Most importantly, these comedians have not been forced to stick with the same kind of raw humor that got them noticed. Lawrence soon jumped from Def Comedy Jam to his own sitcom on Fox, Martin (1992–97). Martin’s comic sensibility was similar to Def Comedy Jam’s, but Lawrence’s film career has included a range of roles: He was an action star in Bad Boys (1995),  assumed a Madea-esque fat suit for Big Momma's House (2000), and played Raven-Symoné’s overprotective father in Disney’s College Road Trip (2008). Other comedians have made parallel leaps. Chris Tucker parlayed his Michael Jackson impersonation into above-the-title status in a major film franchise, Rush Hour and its sequels (and later, a costarring role in a Michael Jackson music video). Before his untimely death in 2008, Bernie Mac produced and starred in an uncommonly smart and quirky family sitcom, The Bernie Mac Show (2001–06), in addition to starring alongside George Clooney, Brad Pitt, and Matt Damon in Steven Soderbergh’s massive hits Ocean’s 11, 12, and 13. An entire generation of black comedians can thank Def Comedy Jam for the exposure that the show—and its attendant controversy—provided.

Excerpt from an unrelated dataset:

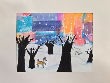 Isabella S. - Grade 2 "Winter Landscape with Animals" Mixed Media |
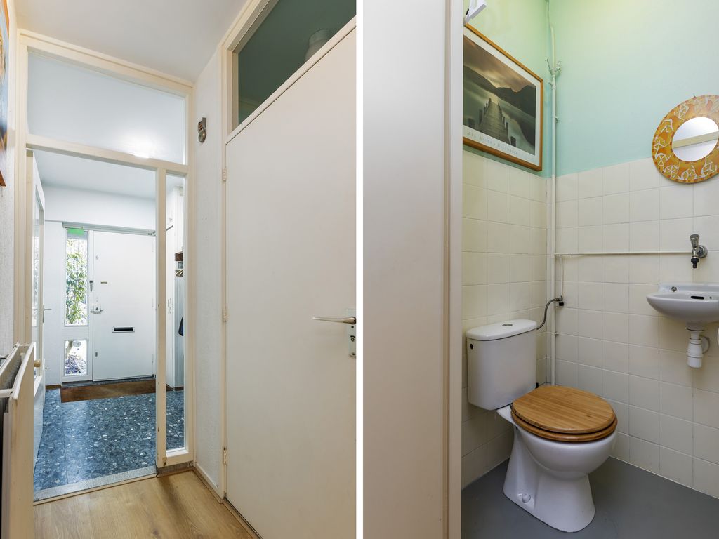 Royale hal met trapopgang naar de eerste verdieping, toiletruimte, trapkast en toegang tot de woonkamer.

A remarkable change has happened during Def Comedy Jam’s decade-long hiatus: hip-hop has evolved from an attitude cultivated on the segregated streets of urban ghettos into perhaps the defining cultural force of the last thirty years, its presence felt across all of popular culture: music, television, movies, books and magazines, fashion, sports. More than that, hip-hop has grown into a global phenomenon, embraced by and incorporated into youth cultures in communities across the world. So Def Comedy Jam comedians should thank, too, the cultural movement so compelling that it couldn’t be repressed, denied, or ignored—it’s hip-hop and, it don’t stop.